LGWR can write redo log entries to disk before a transaction commits.
The redo entries become permanent only if the transaction later commits.
When activity is high, LGWR can use group commits.
For example, a user commits, causing LGWR to write the transaction's redo entries to disk. During this write to disk LGWR can write the list of redo entries of waiting transactions for other user processes (not yet committed) in one operation instead of performing IO followed by every user process commit. In this way, the database minimizes disk I/O and maximizes performance. If commits requests continue at a high rate, then every write by LGWR can contain multiple commit records.
LGWR writes synchronously to the active mirrored group of online redo log files. If a log file is inaccessible, then LGWR continues writing to other files in the group and writes an error to the LGWR trace file and the alert log. If all files in a group are damaged, or if the group is unavailable because it has not been archived, then LGWR cannot continue to function and DB hangs.
In the following circumstances, LGWR writes to redo log file:
-A user commits a transaction
-An online redo log switch occurs.
-Three seconds have passed since LGWR last wrote.
-The redo log buffer is one-third full or contains 1 MB of buffered data.
-DBWn must write modified buffers to disk.
5. CKPT
CKPT is an oracle background process ensures that database is consistent by ensuring that all committed transactions have been written to datafiles
A checkpoint manages/ensures following three operations:
a) Every dirty block in the buffer cache is written to the data files.
b) The latest SCN is written (updated) into the datafile header.
c) The latest SCN is also written to the control files.
Events that trigger a checkpoint are:
- Redo log switch
- LOG_CHECKPOINT_TIMEOUT has expired
- LOG_CHECKPOINT_INTERVAL has been reached
- alter system checkpoint; is executed
- Tablespaces/database put in hot backup
Note: redo log switches cause a checkpoint, checkpoints don't cause a log switch.
Set LOG_CHECKPOINTS_TO_ALERT=TRUE to see checkpoint information in alert log
In Incremental Checkpoint, checkpoint information is written to the control file. In the following cases:
1. Every three second.
2. At the time of log switch - Sometimes log switches may trigger a complete checkpoint, if the next log where the log switch is to take place is Active.
In Complete Checkpoint, checkpoint information is written in control file, datafile header and also dirty block is written by DBWR to the datafiles.
Full Checkpoint happens in the following cases.
1. To meet fast_start_mttr_target
2. before Clean Shutdown
3. Some log switches may trigger a complete checkpoint , if the next log where the log switch is to take place is Active.

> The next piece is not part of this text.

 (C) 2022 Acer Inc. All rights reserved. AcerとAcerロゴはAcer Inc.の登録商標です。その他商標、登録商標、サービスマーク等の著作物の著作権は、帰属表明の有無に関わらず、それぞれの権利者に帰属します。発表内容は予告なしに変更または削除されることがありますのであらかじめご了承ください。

This has more chance of happening when the Redo Log files are small in size and continuous transactions are taking place.
4. when the 'alter system checkpoint' command is issued
Partial Checkpoint happens in the following cases.
1. Before begin backup.
2. before tablespace offline.
3. before placing tablespace in read only.

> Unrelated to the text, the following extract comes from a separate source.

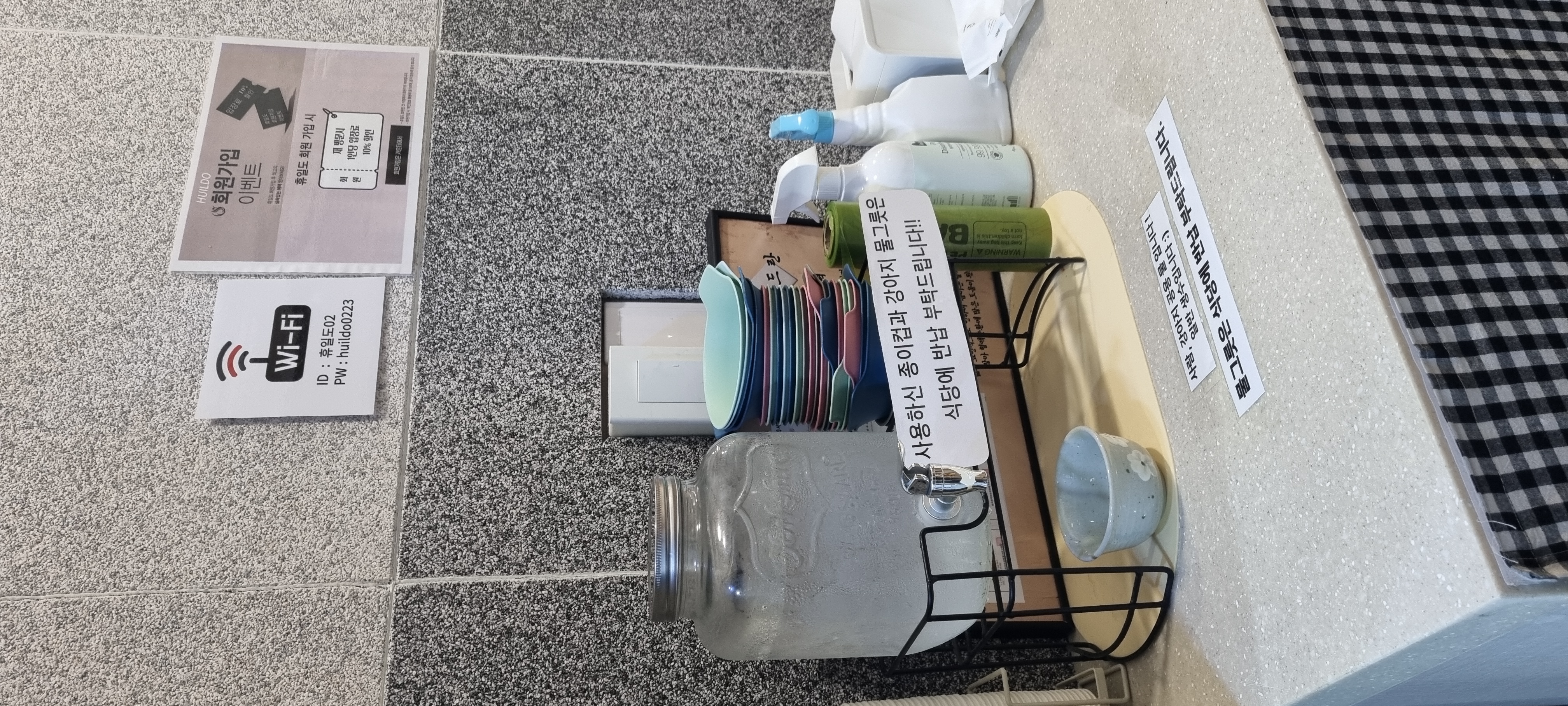 강아지가 먹을 수 있는 식수랑 비닐 탈취제 등이 마련되어 있어요

4. before dropping tablespace.
5. before taking datafile offline.
6. When checkpoint queue exceeds its threshold.
7. Before segment is dropped.
8. Before adding and removing columns from table.
6. ARCn
ARCn is background process spawn in ARCHIVELOG DB mode, where n ranges from 0-9
ARCn copies online redo log files to a designated storage device after
- A log switch has occurred
- alter database archivelog current; is executed
- No more online redo log file is available & to be overwritten
An Oracle instance can have up to 10 ARCn processes (ARC0 to ARC9). The LGWR process starts a new ARCn process whenever the current number of ARCn processes is insufficient to handle the workload. The alert file keeps a record of when LGWR starts a new ARCn process.
Dynamic LOG_ARCHIVE_MAX_PROCESSES can be set to max 10.
Starting from one ARCn process oracle automatically starts up more ARCn processes till LOG_ARCHIVE_MAX_PROCESSES when the database workload requires more.
Arch can be stopped and started dynamically with alter system archive log stop|start or using below commands (deprecated 10g onwards)
archive log list
archive log stop
archive log start
archive log next
archive log all
archive log n
Query v$archive_processes to find out how many arch processes are running
7. RECO
In a distributed database, the recoverer process (RECO) automatically resolves failures in distributed transactions.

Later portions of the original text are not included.